Pam Bondi

U.S. Attorney General Pam Bondi has turned a deadly immigration raid in Minneapolis into leverage for a sweeping demand: hand over Minnesota’s voter files and she will pull federal immigration agents out of the city. The offer, delivered in a hardball letter to Governor Tim Walz, fuses immigration enforcement with election data in a way that has jolted state officials and voting rights advocates.
At the center of the storm is the killing of Alex Pretti, a 37-year-old ICU nurse, by a federal officer in Minneapolis and Bondi’s decision to respond not with restraint, but with an ultimatum. Her move has been branded everything from a “ransom note” to an “all-out assault” on democratic norms, and it is already reshaping how states think about cooperating with Washington.
The letter that tied ICE to voter rolls
The basic trade Bondi is pitching is stark: if Minnesota gives the Justice Department and immigration authorities broad access to its voter rolls and jail system, she will dial back the surge of federal agents in Minneapolis. In her letter to Tim Walz, Attorney General Pam Bondi lays out a package of conditions that includes turning over detailed voter data and striking a new agreement that lets ICE operate more freely in state prisons and local jails, a deal she frames as necessary to tackle what she calls “out of control fraud” and violations of election laws. The core demand, as described in the letter and subsequent reporting, is that Minnesota’s leaders accept deeper federal reach into both their criminal justice system and their election infrastructure in exchange for relief from an aggressive immigration crackdown in the Twin Cities, a bargain that has been summarized as Pam Bondi Offers To Pull ICE out of Minneapolis if Voter Files Handed Over in coverage of the standoff, and that has been detailed in accounts of how Attorney General Pam Bondi pressed Minnesota to share voter rolls and other data.

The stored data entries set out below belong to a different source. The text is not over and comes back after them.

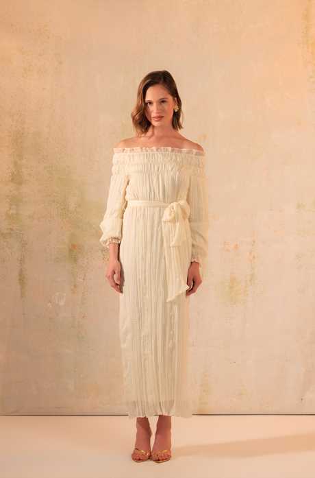 459.00Unit price /Unavailable Cream Off-Shoulder Crinkled Chiffon Dress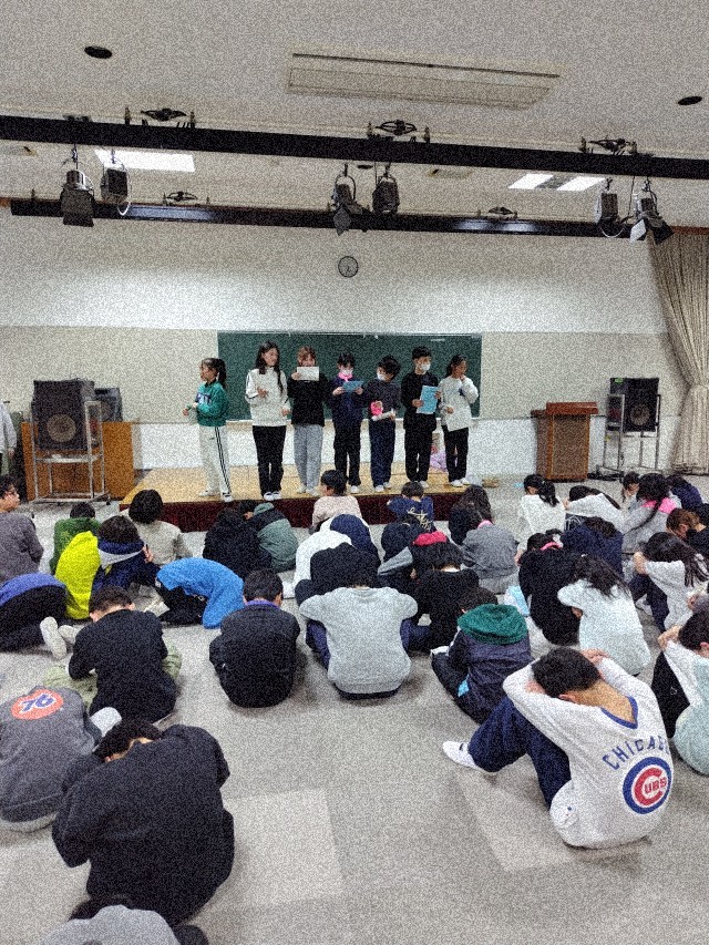 午後5時から40分ほどレクリエーションを楽しみました。係の子の元気な進行と皆で盛り上がろうとする気持ちが合わさってとても盛り上がりました。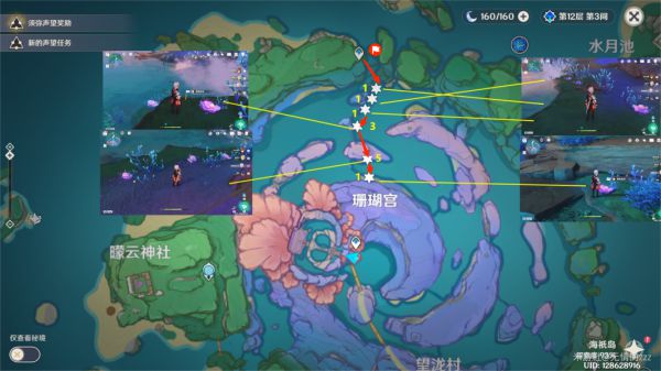珊瑚宫东南部,整体的分布较为分散,但是也并不是完全不方便,我们还是可以沿着一定的路线进行采集,不过最后的一块区域,需要我们完成指定任务以后,才会解锁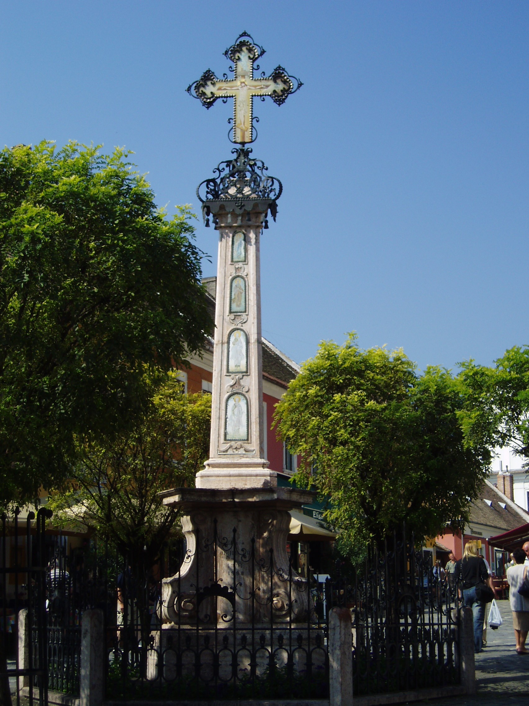 Nyilvános 1082 | 2091 | Szentendre, Fő tér: a Kereskedő Társaság emlékkeresztje | A keresztet az 1698-ban alakult szerb kereskedő társaság emeltette 1763-ban, nagy építkezései befejezésének évében, hálából, hogy a nagy pestisjárvány elkerülte a várost. A kereszt vörös mészkőből készült, gazdag rokokó faragványokkal, kovácsoltvas díszítésekkel és vaslemezre festett ikonok ékesítik. A néphagyomány azt tartja, hogy fejjel lefelé eltemetett ember van alatta, hogy a pestis elő ne tudjon bújni a föld alól. A fénykép 2005 szeptemberében készült. Szentendre. Szerk. Sándyné Wolf Katalin. Bp. Panoráma, 1985 www.szentendre.hu |
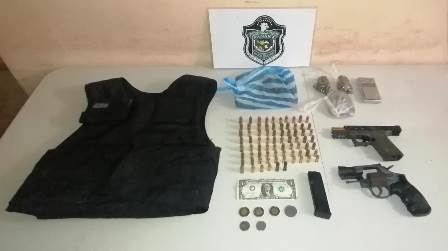 La Policía Nacional en asocio con el Ministerio Público, aprehendió a dos personas durante allanamientos, en el sector de Felipillo, corregimiento de la 24 de Diciembre, la mañana de este martes 16 de mayo. Las diligencias en busca de personas requeridas y armas de fuego, inivio a tempranas horas, arrojando como resultado además de estas aprehensiones, el decomiso de dos armas de fuego, municiones, una pesa digital y sustancias ilícitas. También dinero en efectivo y un chaleco balístico, este último hallado en el patio de una de las residencias allanadas. Los aprehendidos y la evidencia fueron remitida a las instancias correspondientes a fin de continuar con las investigaciones. |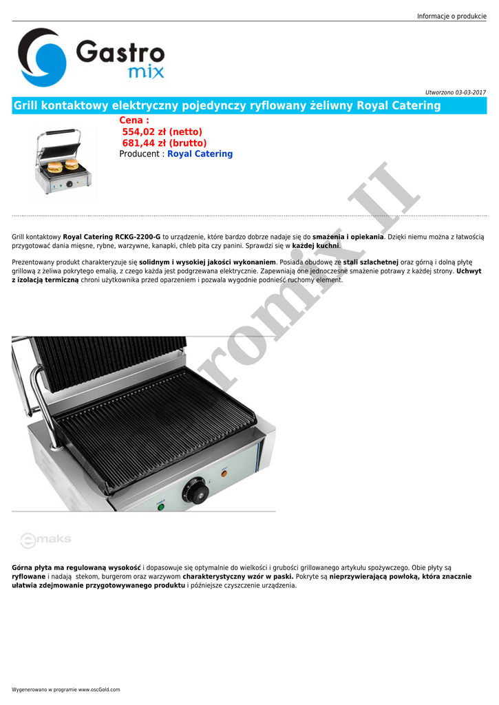Informacje o produkcie Utworzono 03-03-2017 Grill kontaktowy elektryczny pojedynczy ryflowany żeliwny Royal Catering Cena : 554,02 zł (netto) 681,44 zł (brutto) II Producent : Royal Catering ix Grill kontaktowy Royal Catering RCKG-2200-G to urządzenie, które bardzo dobrze nadaje się do smażenia i opiekania. Dzięki niemu można z łatwością przygotować dania mięsne, rybne, warzywne, kanapki, chleb pita czy panini. Sprawdzi się w każdej kuchni. G as tr o m Prezentowany produkt charakteryzuje się solidnym i wysokiej jakości wykonaniem. Posiada obudowę ze stali szlachetnej oraz górną i dolną płytę grillową z żeliwa pokrytego emalią, z czego każda jest podgrzewana elektrycznie. Zapewniają one jednoczesne smażenie potrawy z każdej strony. Uchwyt z izolacją termiczną chroni użytkownika przed oparzeniem i pozwala wygodnie podnieść ruchomy element. Górna płyta ma regulowaną wysokość i dopasowuje się optymalnie do wielkości i grubości grillowanego artykułu spożywczego. Obie płyty są ryflowane i nadają stekom, burgerom oraz warzywom charakterystyczny wzór w paski. Pokryte są nieprzywierającą powłoką, która znacznie ułatwia zdejmowanie przygotowywanego produktu i późniejsze czyszczenie urządzenia. Wygenerowano w programie www.oscGold.com II ix m Dzięki bezstopniowej regulacji temperatury można przyrządzać dania w sposób komfortowy. Dwie lampki kontrolne wskazujące moc i grzanie informują o gotowości grilla do pracy. tr o Sprzęty marki Royal Catering cechuje wytrzymałość i staranne wykonanie, dlatego grill kontaktowy RCKG-2200-G został objęty długim okresem gwarancji. Model RCKG-2200-G Nr katalogowy 1245 Stan artykułu Nowy Materiał płyt grillowych Ryflowane płyty żeliwne pokryte emalią Materiał obudowy Stal nierdzewna Napięcie as Wymiary płyty grzewczej (DxS) 23 x 34 cm 230 V Moc 2200 W Wymiary (DxSxW) Waga 33 x 42,8 x 50,5 cm 17,9 kg 43 x 52 x 26,5 cm Waga wysyłki 19,2 kg G Wymiary wysyłki (DxSxW)

Bondi’s own words, preserved in the document, show how tightly she is braiding immigration and elections. In one section, she writes that “And the out of control fraud in your state also implicates election security. It is a tragedy that Americans have lost faith in the integrity of our elections,” a line that telegraphs her intent to use Minnesota as a test case for a broader narrative about voter fraud and federal oversight. Elsewhere she urges Walz to “reach an agreement with ICE that allows them to remove illegal aliens in custody of Minnesota’s prisons and jails and to obtain information about individuals who may be subject to removal and violations of election laws,” explicitly linking deportation priorities to access to state-held data. The letter itself, posted in full as a public document, has become the central exhibit for critics who say Bondi is trying to turn routine data sharing into a political weapon, and it has been cited repeatedly as evidence that her push for voter information is less about routine list maintenance and more about building a federal apparatus to challenge election outcomes.
A shooting, a surge, and a “ransom note”
The timing of Bondi’s ultimatum is what has really inflamed opinion in Minnesota. On Saturday, the same day that a federal immigration officer killed Alex Pretti in Minneapolis, she sent the letter to Walz, effectively using the fallout from the shooting as the backdrop for her demand for voter data and expanded ICE access. Pretti, identified as a 37-year-old ICU nurse at a VA hospital, was shot during an operation by U.S. Immigration and Customs Enforcement, and within Hours of that killing, the Justice Department’s top official was on paper tying any pullback of Immigration and Customs Enforcement to concessions on elections. For many in the state, that sequence made the letter feel less like a policy proposal and more like an attempt to capitalize on a community in shock, a perception reinforced by detailed accounts of how On Saturday Bondi’s demand for voter roll data landed at the exact moment Minneapolis was reeling from the death of Alex Pretti.
Local leaders and voting rights advocates have not minced words in response. One prominent analysis described the letter as an “all-out assault on our democracy,” arguing that Bondi was effectively blackmailing Minnesota by holding the presence of ICE agents in Minneapolis over the heads of state officials unless they turned over sensitive voter information. Another report captured the mood as Outrage mounted after the U.S. attorney general’s request, with critics seizing on the way Bondi’s offer to scale back ICE operations was conditioned on access to voter rolls and jail data. Some state election officials have likened the document to a “ransom note,” pointing to the explicit trade of reduced federal pressure for deeper state cooperation on both immigration enforcement and election oversight, and their fury has been chronicled in accounts of how Minnesota’s election leaders framed the letter as a brazen attempt to intimidate them into sharing voter rolls.